EXERCISE: From the first line of the entries below through the line holding "原材料對(duì)煤化工企業", write out every line exactly, please, and leave out the pictures.

┌──

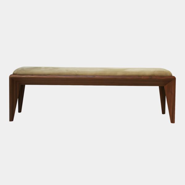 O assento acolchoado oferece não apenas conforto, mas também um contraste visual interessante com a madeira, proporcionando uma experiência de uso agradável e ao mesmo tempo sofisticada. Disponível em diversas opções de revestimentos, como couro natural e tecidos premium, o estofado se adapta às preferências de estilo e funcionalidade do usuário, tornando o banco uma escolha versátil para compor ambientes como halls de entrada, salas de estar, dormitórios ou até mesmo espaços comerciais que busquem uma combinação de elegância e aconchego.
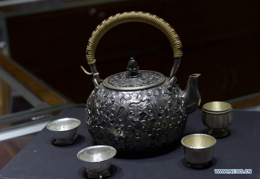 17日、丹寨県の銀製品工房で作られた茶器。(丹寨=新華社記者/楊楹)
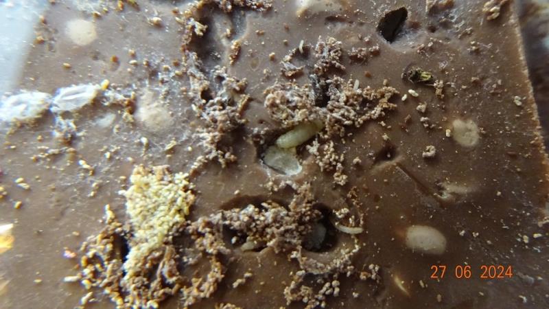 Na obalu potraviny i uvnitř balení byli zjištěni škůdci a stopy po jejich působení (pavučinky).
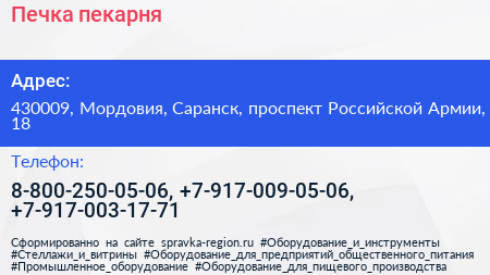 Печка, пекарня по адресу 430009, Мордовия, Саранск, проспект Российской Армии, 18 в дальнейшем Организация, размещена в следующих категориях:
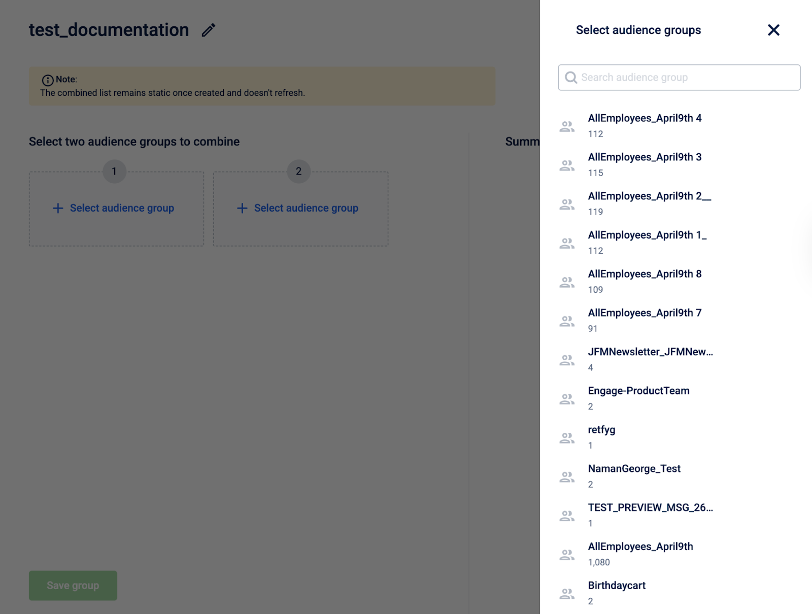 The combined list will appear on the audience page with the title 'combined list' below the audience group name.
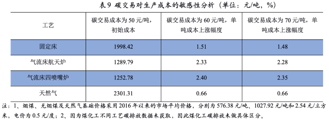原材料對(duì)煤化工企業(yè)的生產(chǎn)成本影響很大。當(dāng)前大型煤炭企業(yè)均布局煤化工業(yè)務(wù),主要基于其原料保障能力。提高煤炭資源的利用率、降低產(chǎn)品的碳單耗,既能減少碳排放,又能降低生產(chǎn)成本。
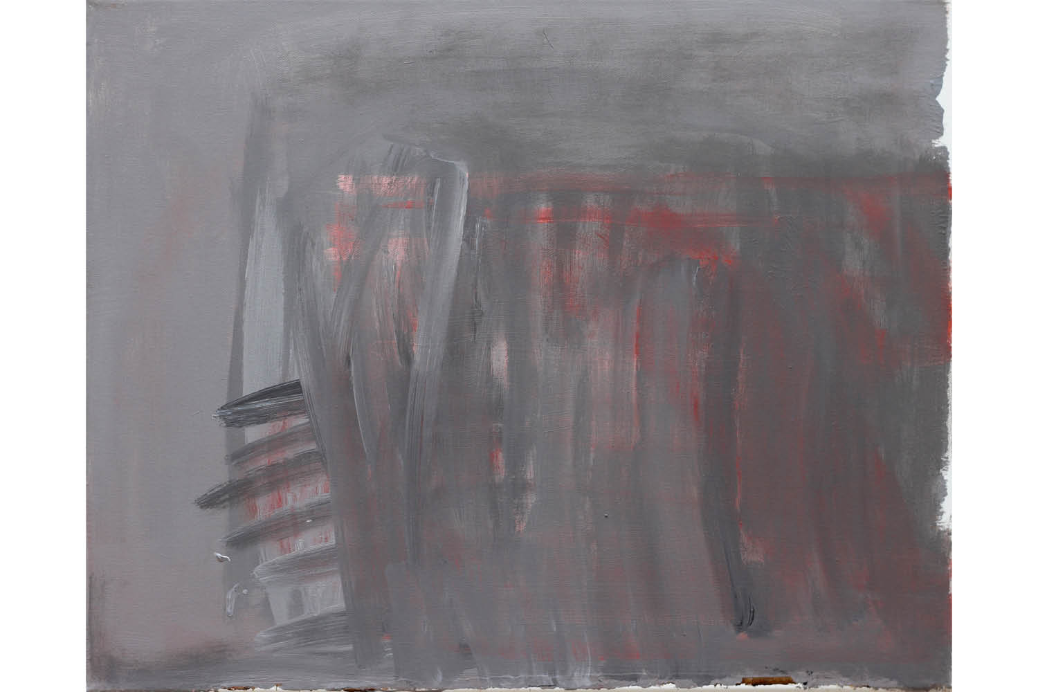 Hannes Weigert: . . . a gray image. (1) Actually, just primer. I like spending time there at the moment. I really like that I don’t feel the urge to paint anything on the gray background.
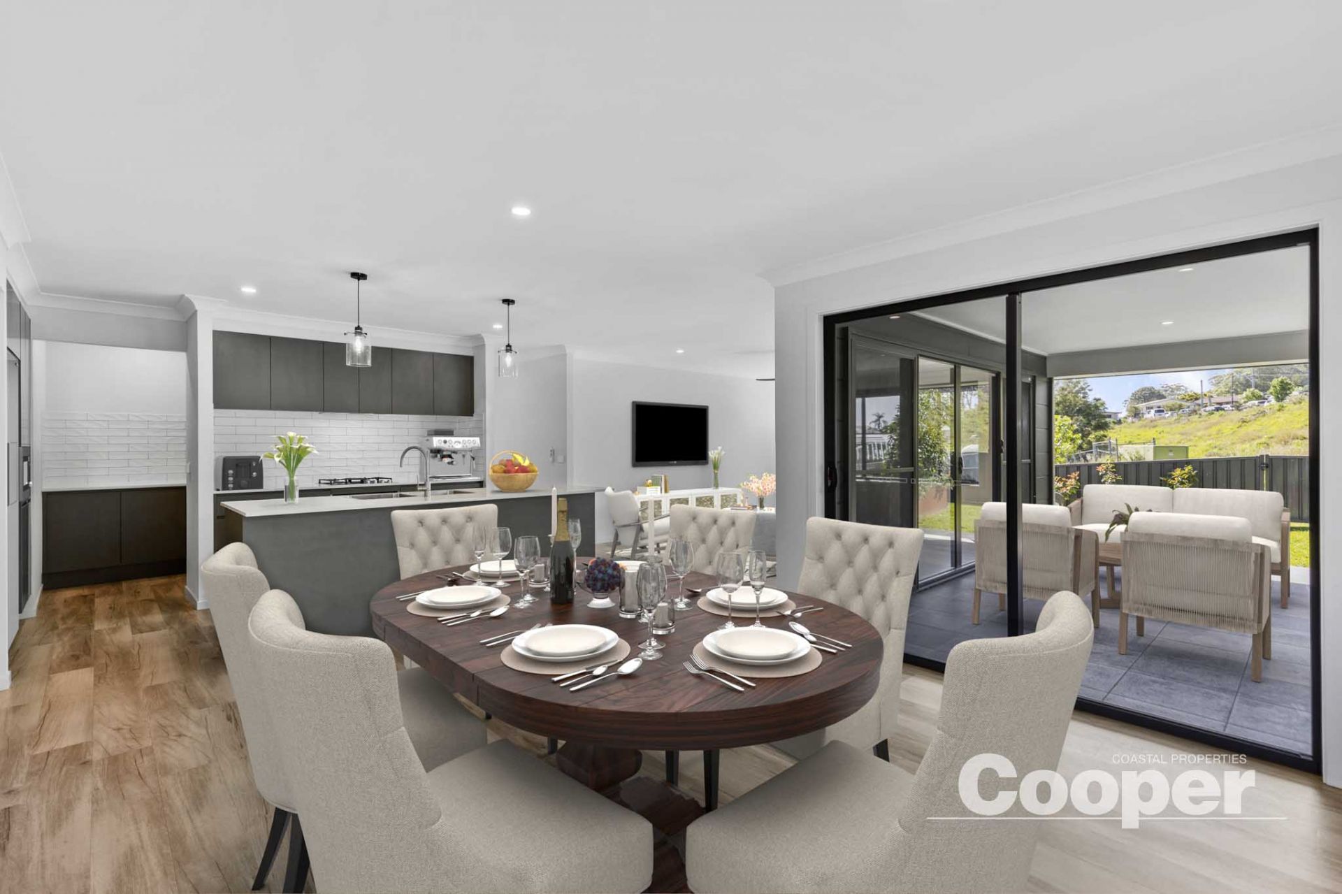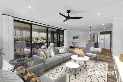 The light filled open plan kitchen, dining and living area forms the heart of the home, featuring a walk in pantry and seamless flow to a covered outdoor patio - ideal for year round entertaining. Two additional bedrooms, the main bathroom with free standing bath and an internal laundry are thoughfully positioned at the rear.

└──

PROBLEM SOLUTION:
 O assento acolchoado oferece não apenas conforto, mas também um contraste visual interessante com a madeira, proporcionando uma experiência de uso agradável e ao mesmo tempo sofisticada. Disponível em diversas opções de revestimentos, como couro natural e tecidos premium, o estofado se adapta às preferências de estilo e funcionalidade do usuário, tornando o banco uma escolha versátil para compor ambientes como halls de entrada, salas de estar, dormitórios ou até mesmo espaços comerciais que busquem uma combinação de elegância e aconchego.
 17日、丹寨県の銀製品工房で作られた茶器。(丹寨=新華社記者/楊楹)
 Na obalu potraviny i uvnitř balení byli zjištěni škůdci a stopy po jejich působení (pavučinky).
 Печка, пекарня по адресу 430009, Мордовия, Саранск, проспект Российской Армии, 18 в дальнейшем Организация, размещена в следующих категориях:
 The combined list will appear on the audience page with the title 'combined list' below the audience group name.
原材料對(duì)煤化工企業(yè)的生產(chǎn)成本影響很大。當(dāng)前大型煤炭企業(yè)均布局煤化工業(yè)務(wù),主要基于其原料保障能力。提高煤炭資源的利用率、降低產(chǎn)品的碳單耗,既能減少碳排放,又能降低生產(chǎn)成本。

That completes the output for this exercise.